# DIRECTIONS FOR THIS TASK:
Once you find the line below that has "In einem Wildpark", output it and every line after it exactly, stopping after the line that has "高温储存:70℃,持续时间2", with no pictures.

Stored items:
Start of Block

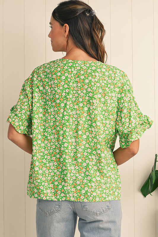 Green Floral Print Ruffle Sleeve V Neck Pleated Blouse
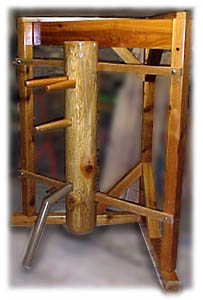| However, the more usual support for the dummy is a wall mounted frame, using either a wooden frame or motor car/bus/coach suspension springs. The dummy should be set up with the two upper arms at your own shoulder height, and the leg should touch the floor in order to teach how to step around obstacles and not lazily pass the feet under. Many practitioners make an inordinate fuss over the leg having to have a knee, but the bend at knee height is of more importance. One should note the height of the knee joint from one individual to another varies very little in comparison to the total height of the person, as height is primarily made up in the femur or thigh bone. |
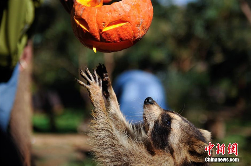 In einem Wildpark in Yunnan starren die Waschb?ren neugierig eine Kürbislaterne an. (Foto: Liu Ranyang) |
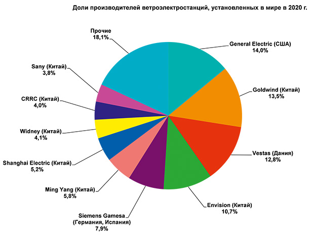 По данным компании BloombergNEF, в десятке лидеров по производству ветроэлектростанций (суммарно наземных и прибрежных) только три производителя не из Китая: на первом месте американский концерн General Electric (14% из общемирового ввода мощностей), на третьей позиции датская компания Vestas (12,8%), а на пятом месте — германо-испанский производитель Siemens Gamesa с долей 7,9%. Семь китайских компаний обеспечили ввод 47,2% всей мощности. На долю всех производителей мира, не вошедших в десятку лидеров, пришлось 18,1%.
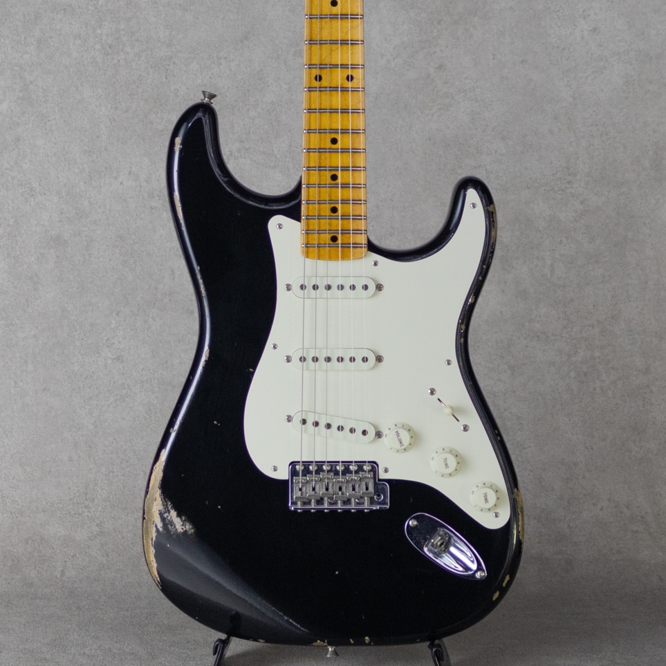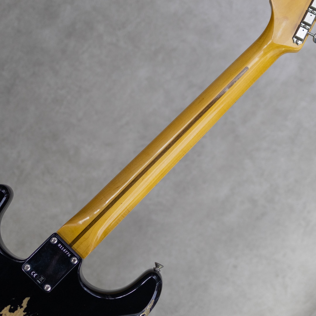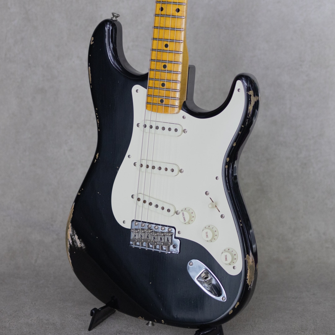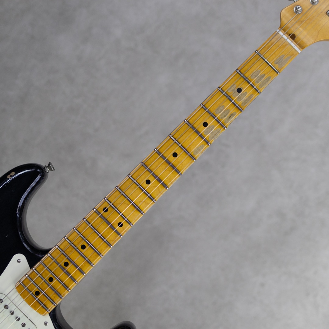 多くのファンが強い憧れを抱く”1957 Stratocaster Black”。本器は上品で雰囲気あるエイジド加減とCCハードウェアを持つ日本企画モデルの”1957 Stratocaster Relic CC Hardware Black"。 2021年製極上USED品。アルダー2pcsボディ、ワンピースメイプルネックのウッドスペック。良い顔つきをしたブラックカラーのレリックモデルで、ウェザーチェックもびっしりと入った貫禄の外観。それに合わせるクローゼット・クラシックのハードウェアが上品佐を上長しています。ネックグリップは57 Style Soft Vシェイプで、握り心地がありながら手に馴染むネックシェイプ。エイジドホワイトカラーの1plyピックガード、カスタムショップ製50sピックアップx3、0.1uFフィルムコンデンサー搭載。グラッシーで透明感のある50sサウンド。倍音感がありながらもたつきのないブライトでレンジのある響き。トーン回路がフロント、ミドル・リアの配線にされており、フィンガーニュアンスを活かしながらブルージーに決められる1本です。使用に伴う傷や使用感は伺いにくく、とても良好なコンディションで保たれた本器。ネックコンディションも良好でフレット減りも殆んど無く、弾きやすいアクションでしっかりとお使いいただけます。愛でてよし奏でてよしの極上のヴィンテージリイシュー・ストラト。実戦向きかつコレクタブルなストラトをお探しの方にオススメの1本です。オリジナルホワイトトーレックスハードケース、認定書、オリジナルトレモロアーム、ブリッジカバー、トレモロスプリング、ストラップなど新品時付属類もしっかり付属します。
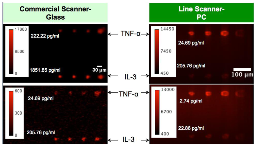 - Chaudhery, V.; Lu, M.; Huang, C.-S.; Polans, J.; Tan, R.; Zangar, R.C.; Cunningham, B.T. Line-scanning detection instrument for photonic crystal enhanced fluorescence. Opt. Lett. 2012. [Google Scholar] [CrossRef]
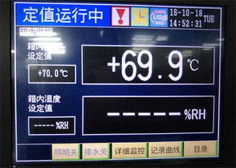 高温储存:70℃,持续时间23小时,在试验箱温度恢复到室温后,拿出观察,表面与放入之前对比,无裂痕,破损现象;
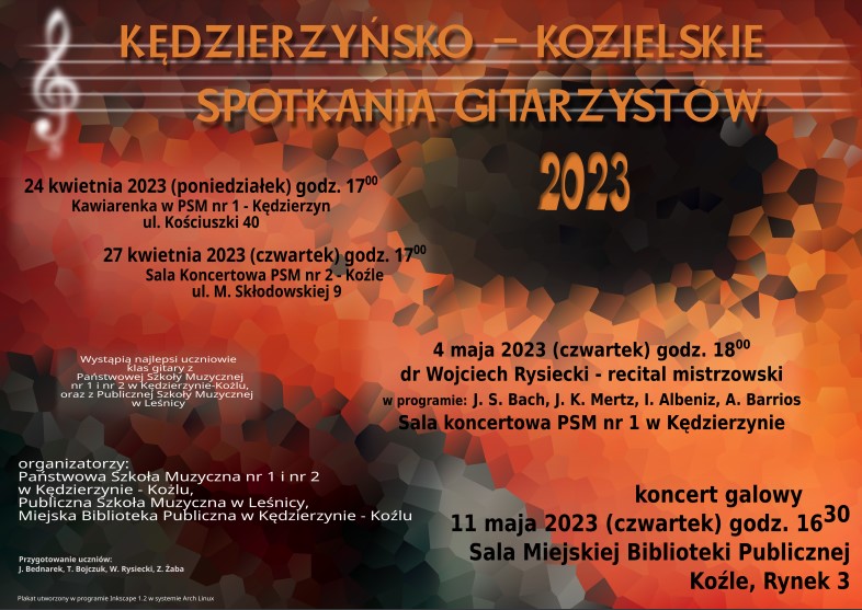 Zapraszamy na cykl koncertów gitarowych, organizowanych w naszym mieście na przełomie kwietnia i maja już od wielu lat. Uczestniczą w nich uczniowie szkół muzycznych z Kędzierzyna, Koźla oraz z Leśnicy. Odbędzie się również recital mistrzowski laureata wielu polskich i zagranicznych konkursów gitarowych, dra Wojciecha Rysieckiego.
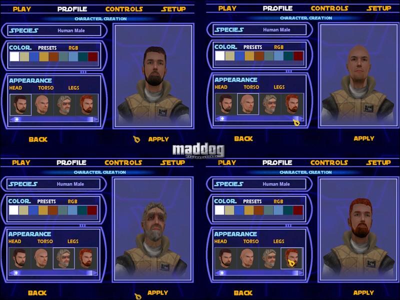 Skin: One brown haired Jedi with a full beard, a bald Jedi,
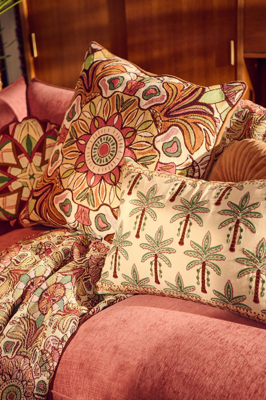 Multicolour kussen met print van Sissy-Boy. Het kussen heeft een multicolour design met een all-over mozaïek print in de kleuren donkerroze, bruin, oranje, groen en lichtroze. Afmetingen: 60 cm x 60 cm. Materiaal: 80% polyester, 20% katoen.
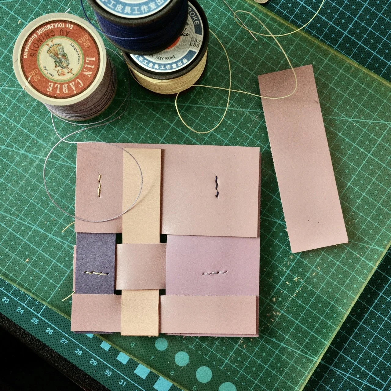 第二个版本的编织是用六片皮条,宽度10mm-50mm不等随机搭配,也是用了最基本的平纹编织技法,使用uhu粘合固定后,缝线可以选择在任何一个位置用加固。我没办法说编织是原创,但是缝线的方式的确是原创。
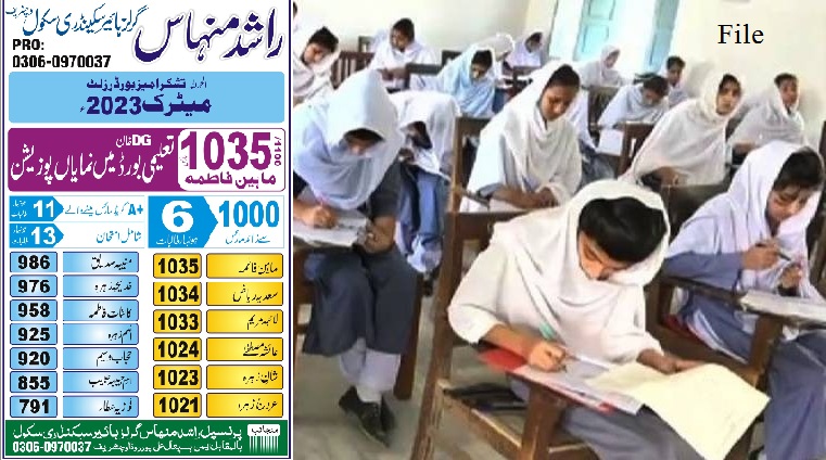 ہونہار طالبہ مابین فاطمہ 1035 سعدیہ ریاض 1034 ثانیہ مریم 1033 عائشہ مصطفیٰ 1024 شان زہرہ 1023 عروج زہرہ 1021 منیبہ صدیق 986 خدیجہ زہرہ 976 کائنات فاطمہ 958 انعم زہرہ 925 حجاب وسیم 920 ام حبیبہ حبیب 855فوزیہ عطا 791 اوردیگر طالبات نے شاندار کامیابی حاصل کی پرنسپل ادارہ نے تمام طالبات اور سٹاف کو اِس شاندار کامیابی پر مبارک باد دی ۔
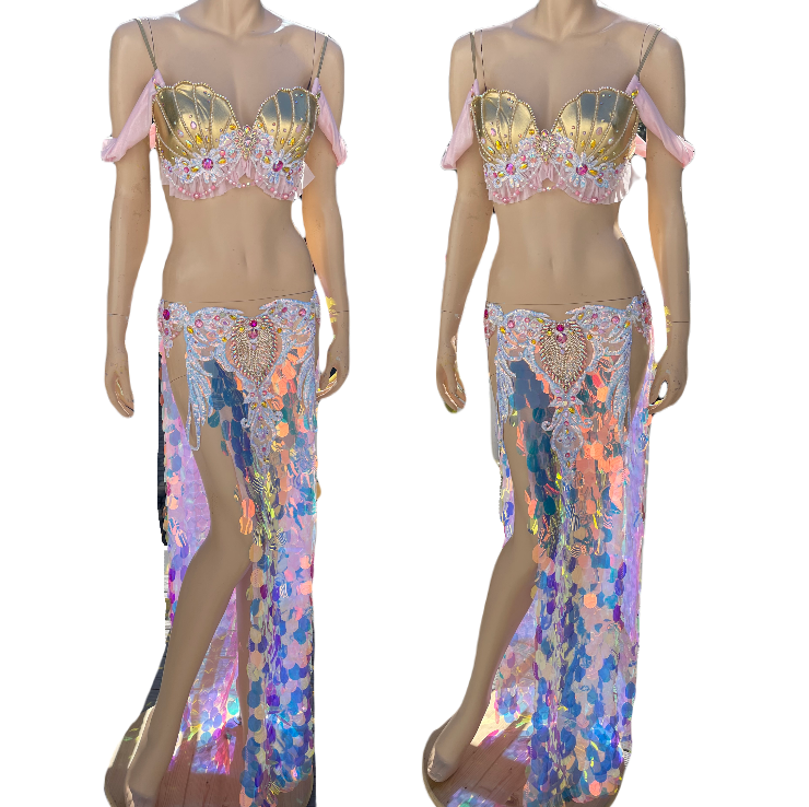 Pink and Gold Sequins Mermaid Siren Belly Dancer 2 Piece
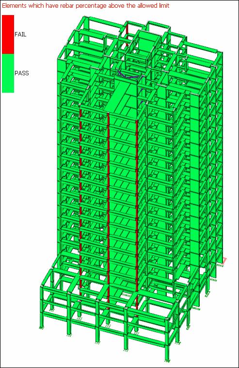 Elements which have rebar percentage above the allowed limit ![]() If the current rebar ratio of the element exceeds the maximum pursmail value specified in the parameter settings, the relevant elements are colored red in the view window. ![]() |
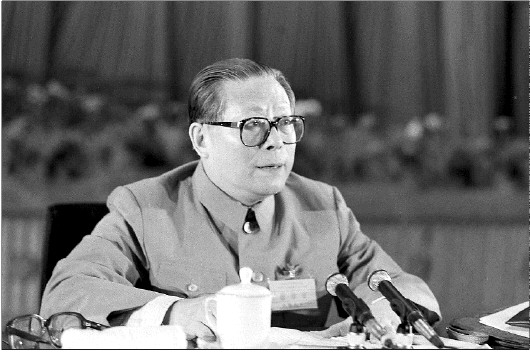 1989年6月23日至24日,中国共产党第十三届中央委员会第四次全体会议在北京召开。这是江泽民同志在会上讲话。 新华社发
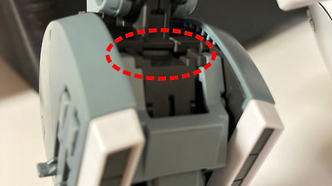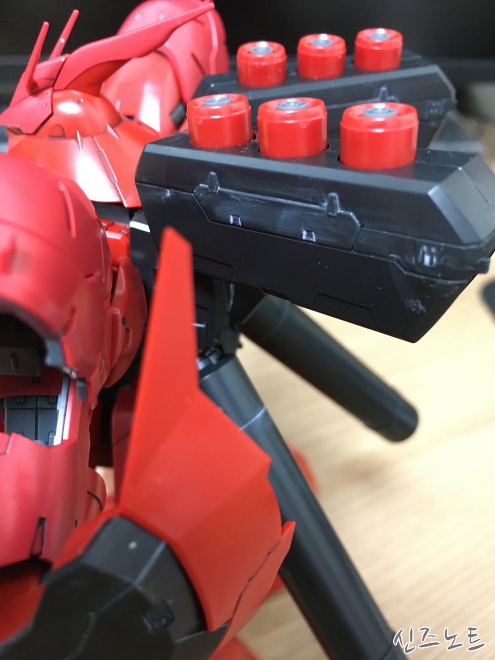 어떻게 보면 가장 심각한 단점인데, 다른 킷과 달리 RG 사자비의 검은색으로 사출된 파츠들에 먹선을 먹이면 잘 닦이지 않고 오히려 원래의 광이 사라지면서 이상하게 번지게 된다. 다른 킷에서는 잘 못보던 증상인데 RG 사자비 킷에서는 유난히 이런 단점이 있었다. 사자비의 쉴드의 검은 부분에 패널라인이 있길래 타미야 XF계 그레이 에너멜로 먹선을 넣어줬더니 아래와 같이 되어 버렸다.
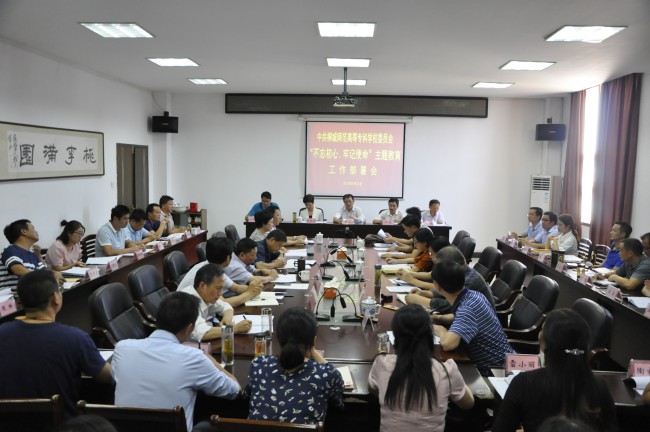 為深入貫徹落實黨的十九大精神和習近平總書記在“不忘初心、牢記使命”主題教育工作會議上的重要講話精神,按照中央、省委、市委主題教育工作安排,9月23日下午,校黨委在惜抱樓會議室召開“不忘初心、牢記使命”主題教育部署會。安慶市委主題教育第十巡回指導組組長陳亞玲、副組長周曉以及指導組成員楊瓊、朱承安、儲詒正出席會議。校領導班子、二級機構負責同誌、各支部委員參加會議。會議由校黨委委員、組織人事處處長王宏偉主持。
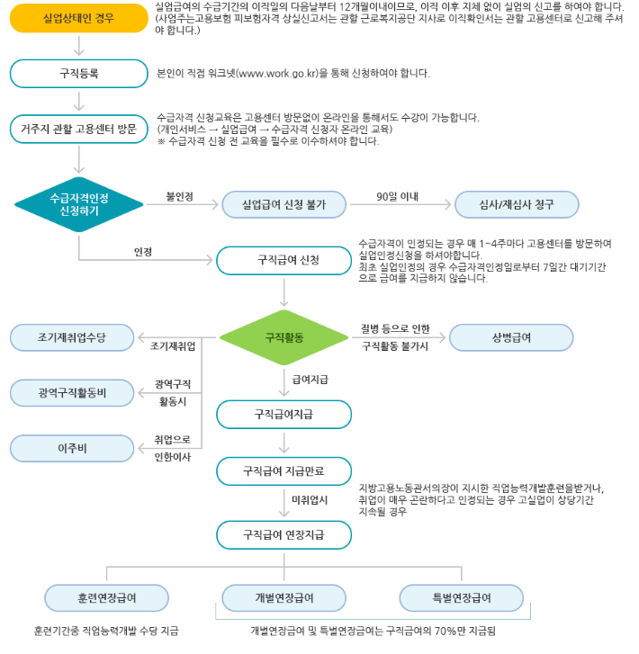 본인의 의사와 상관없이 특정 사유에 의해 현재 다니고 있는 직장을 그만두게 된다면 실업금여를 받을 수 있습니다. 내가 고용보험 가입 근로자였고 앞으로 구직활동에 적극적으로 참여할 의사가 있는 사람에게 재취업에 성공하기 전 생활의 안정을 지원하기 위해 시행되고 있는 제도입니다. 실업급여는 구직급여와 취업촉진수당으로 나누어져 있습니다. 즉 구직급여와 실업급여가 차이가 있는 것이 아니라 구직급여는 실업급여의 일부분인 것입니다. 각각의 조건을 확인하시고 꼭 신청하시기 바랍니다.
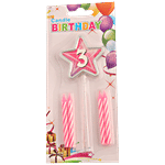 No Question askedB Vishal Star Number Candle - 3, Smoke Free Wax, Cake Topper For Birthday, Anniversary, Pink
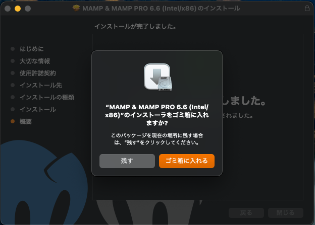 インストーラーの削除です。不要であれば、ゴミ箱に入れるをクリックすると削除してくれます。
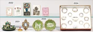 Porzellan-Puppenstuben-Service, in Orig.-Kart., gemarkt 2455/3, kl. und gr. Teller, Butterdose, Milchkännchen, Schale, 1 Teil ergänzt, Teller 2,5 cm Durchm., mit Goldranddekor

End of Block

# ANSWER BELOW:
 In einem Wildpark in Yunnan starren die Waschb?ren neugierig eine Kürbislaterne an. (Foto: Liu Ranyang) |
 По данным компании BloombergNEF, в десятке лидеров по производству ветроэлектростанций (суммарно наземных и прибрежных) только три производителя не из Китая: на первом месте американский концерн General Electric (14% из общемирового ввода мощностей), на третьей позиции датская компания Vestas (12,8%), а на пятом месте — германо-испанский производитель Siemens Gamesa с долей 7,9%. Семь китайских компаний обеспечили ввод 47,2% всей мощности. На долю всех производителей мира, не вошедших в десятку лидеров, пришлось 18,1%.
 多くのファンが強い憧れを抱く”1957 Stratocaster Black”。本器は上品で雰囲気あるエイジド加減とCCハードウェアを持つ日本企画モデルの”1957 Stratocaster Relic CC Hardware Black"。 2021年製極上USED品。アルダー2pcsボディ、ワンピースメイプルネックのウッドスペック。良い顔つきをしたブラックカラーのレリックモデルで、ウェザーチェックもびっしりと入った貫禄の外観。それに合わせるクローゼット・クラシックのハードウェアが上品佐を上長しています。ネックグリップは57 Style Soft Vシェイプで、握り心地がありながら手に馴染むネックシェイプ。エイジドホワイトカラーの1plyピックガード、カスタムショップ製50sピックアップx3、0.1uFフィルムコンデンサー搭載。グラッシーで透明感のある50sサウンド。倍音感がありながらもたつきのないブライトでレンジのある響き。トーン回路がフロント、ミドル・リアの配線にされており、フィンガーニュアンスを活かしながらブルージーに決められる1本です。使用に伴う傷や使用感は伺いにくく、とても良好なコンディションで保たれた本器。ネックコンディションも良好でフレット減りも殆んど無く、弾きやすいアクションでしっかりとお使いいただけます。愛でてよし奏でてよしの極上のヴィンテージリイシュー・ストラト。実戦向きかつコレクタブルなストラトをお探しの方にオススメの1本です。オリジナルホワイトトーレックスハードケース、認定書、オリジナルトレモロアーム、ブリッジカバー、トレモロスプリング、ストラップなど新品時付属類もしっかり付属します。
 - Chaudhery, V.; Lu, M.; Huang, C.-S.; Polans, J.; Tan, R.; Zangar, R.C.; Cunningham, B.T. Line-scanning detection instrument for photonic crystal enhanced fluorescence. Opt. Lett. 2012. [Google Scholar] [CrossRef]
 高温储存:70℃,持续时间23小时,在试验箱温度恢复到室温后,拿出观察,表面与放入之前对比,无裂痕,破损现象;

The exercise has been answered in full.